Dila turun dan menoleh pada satpam yang mendatangi mereka, satpam yang awalnya berdiri tegak menunjukkan wibawanya di dalam seragam yang dia kenakan, seketika sedikit membungkuk dan tersenyum malu.
"Iya, Pak... Motor ini saya yang bawa, biarkan saja di sini." Ucap Alvin tegas, satpam tersebut lekas mengangguk.
"Baik, Pak."
Dila menoleh dan menatap aneh ke arah Alvin, "kenapa satpam ini sopan sekali kepadanya? Siapa sebenarnya laki-laki ini?" Dila bermonolog di dalam hati, masih menatap aneh pada Alvin.
"Udah... Buka helm dan jaketmu, ikut ke dalam. Di sini panas, kamu tunggu di dalam saja."
Dila menoleh dan menatap gedung hotel yang berdiri di hadapannya, seketika saja bulu kuduknya merinding membayangkan yang tidak-tidak.
"Nggak! Aku di sini saja!" Dila menolak ajakn Alvin dengan tegas, matanya melotot tak senang pada Alvin, tapi yang dipelototi malah tersenyum membalas tatapan kemarahan Dila.
"Di sini panas... Kalau nggak mau ke dalam, kamu tunggu di tempat satpam saja. Buka dan simpan dulu jaketmu, takutnya nanti malah satpam atau pegawai lain yang melihat dan mengusirmu." Ucap Alvin lembut.
"Nggak! Biar saja! Kalau mereka mengusirku, aku akan suruh mereka panggil Alvin Sanjaya yang sudah membawaku ke sini!" Tolak Dila tegas. Alvin lagi-lagi menghela nafas berat, menyerah.
"Ya sudah... Terserah!"
Alvin berjalan meninggalkan pelataran parkir, Dila membuntutinya dari belakang. Setelah sampai ke meja satpam, Alvin meninggalkan pesan kepada dua orang satpam yang bertugas agar mengizinkan Dila duduk menunggunya di meja mereka. Keduanya langsung mengangguk mengerti dan memberikan sebuah kursi untuk Dila duduki.

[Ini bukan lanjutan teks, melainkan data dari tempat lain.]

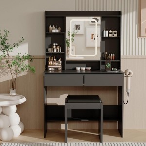 - Acekool Vanity Desk with Mirror and Lights brings both elegance and functionality to your bedroom or dressing area. Designed with ample storage and modern features, this set offers an organized and enhanced beauty space. The flip-top mirror reveals hidden storage, while deep drawers, open shelves, and a spacious desktop ensure all beauty products and accessories have their place. The set includes a plush padded stool for comfort and a secure hairdryer holder for extra convenience.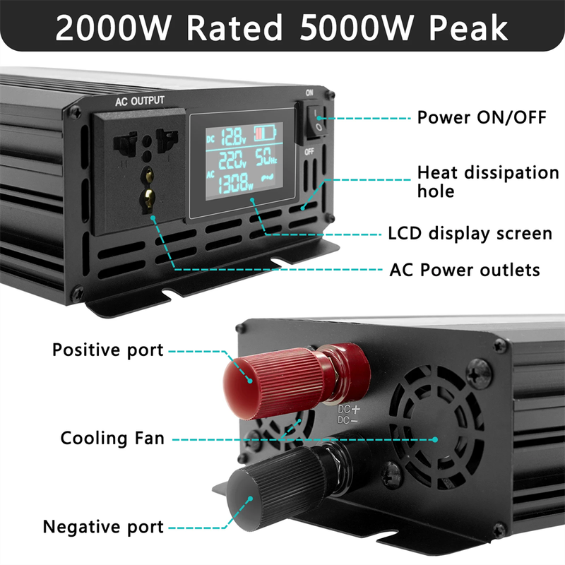 2: Pure sine wave, intelligent filtering, no interference with electrical appliances, protect electrical appliances. High conversion efficiency (up to 95%).

"Ingat... Jangan kemana-mana kalau tidak mau kulaporkan ke perusahaan ojek." Dila melotot kesal mendengar ancaman Alvin, dua satpam yang mendengar ancaman Alvin tersenyum sambil menunduk. Alvin kemudian melangkah masuk ke dalam hotel, Dila memperhatikan sikap orang-orang yang mendatangi Alvin dengan wajah tersenyum dan sopan. Hingga sosok Alvin menghilang berbelok ke kanan, entah kemana.